Był plan, bym startował do Parlamentu Europejskiego, ale mam zaszczyt pełnienia funkcji wicemarszałka Sejmu i nie chciałbym tak, jak kiedyś Donald Tusk porzucić zaszczytnej i prestiżowej funkcji w Polsce, by dostać mniej prestiżową w UE – oświadczył Krzysztof Bosak z Konfederacji.

Bosak, goszcząc w Radio ZET, był pytany o doniesienia, że miałby startować w wyborach do PE.

- Reklama -

Był taki plan, ale to był plan poprzedniego szefa mojej partii i ten plan się zmienił – powiedział Bosak potwierdzając, że był to plan przedstawiony przez Roberta Winnickiego.

Ja dostałem zaszczyt pełnienia funkcji wicemarszałka polskiego Sejmu i nie chciałbym zrobić tego samego, co zrobił Donald Tusk, tzn. porzucić zaszczytnej i prestiżowej funkcji w Polsce po to, żeby dostać mniej prestiżową w Unii Europejskiej – powiedział Bosak.

Polityk był też pytany o to, na uzyskanie ilu mandatów do PE liczy Konfederacja.

Liczymy na wiele mandatów (…) wolałbym, żeby to było 10 (mandatów) niż trzy.

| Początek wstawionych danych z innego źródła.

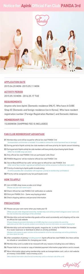 ที่มีชื่อว่า "Apink" ค่ะ แล้วทาง Website ของเอพิงค์ตอนนี้กำลังเปิดรับสมัคร Official fanclub อยู่ค่ะ (จะเป็นแฟนคลับที่มีบัตรสมาชิก มีสิทธ์สามารถซื้อของOfficial หรือซื้อบัตร Pre-Sale ในงานคอนหรืออีเวนท์ต่างๆก่อนแฟนคลับแบบธรรมดาได้ค่ะ) เราที่เป็นแฟนคลับก็อยากจะสมัครค่ะ เพราะมีโอกาสไปเที่ยวที่เกาหลีอยู่บ้าง แต่เงื่อนไขในการสมัคร ผู้สมัครจะต้องใช้ที่อยู่ของประเทศเกาหลีค่ะ นี่แหละปัญหาหนักเลย เพราะเราไม่มีที่อยู่ของประเทศเกาหลีค่ะ เลยอยากจะขอรบกวนขอยืมใช้ที่อยู่ เพราะทาง Website จะส่งบัตรสมาชิกมาทางที่อยู่ที่ลงทะเบียนไว้ค่ะ
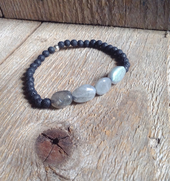 AAA++ Rare Quality Labradorite Bracelet/ Lava Stone Bracelet/ Stacking Bracelet/Aromatherapy/ Crystal Bracelet 5mm 7" Strand. Code- TJH249
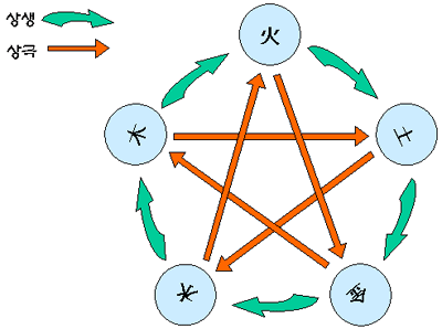 오행은 상호 상생하거나 상극관계를 가진다는 것입니다.
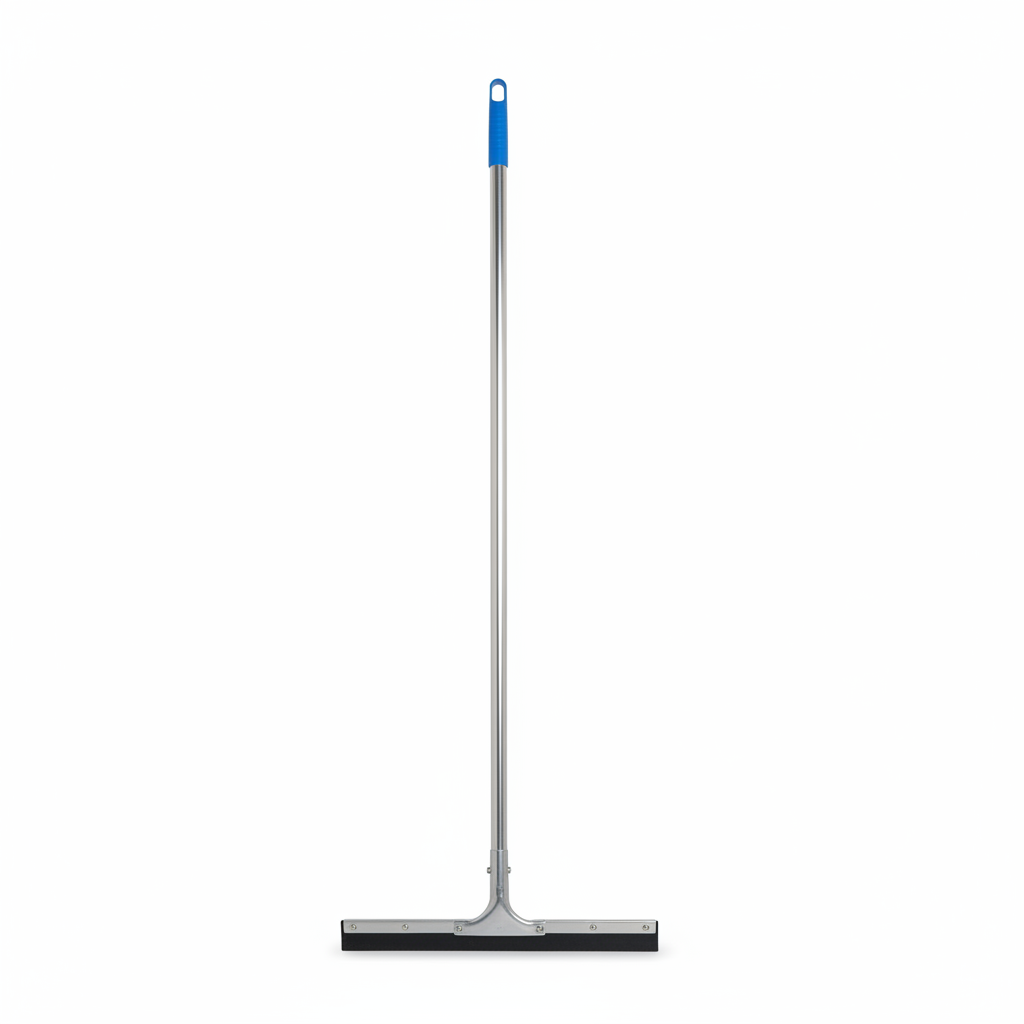 Kjo fshesë pastrimi me gome të gjerë dhe dizajn në formë T është ideale për të shtyrë ujin dhe lëngjet nga dyshemetë e brendshme, duke lënë sipërfaqen të pastër dhe të thatë. Shtylla e gjatë metalike siguron arritje të lehtë pa u përkulur, ndërsa doreza plastike blu me vrimë pezullimi lejon ruajtje praktike pas përdorimit.

Jeżeli przekroczymy próg wyborczy bardzo nieznacznie, ledwie ponad 5 proc. to będą dwa, trzy mandaty, jeżeli poprawimy nasz wynik i zamiast zrobić 7 proc. będzie to np. 10 albo więcej, to możemy iść w kierunku 10 mandatów, a nawet więcej – powiedział Bosak.

Przekazał, że listy wyborcze Konfederacji są częściowo gotowe, a część z nich jest jeszcze w trakcie układania.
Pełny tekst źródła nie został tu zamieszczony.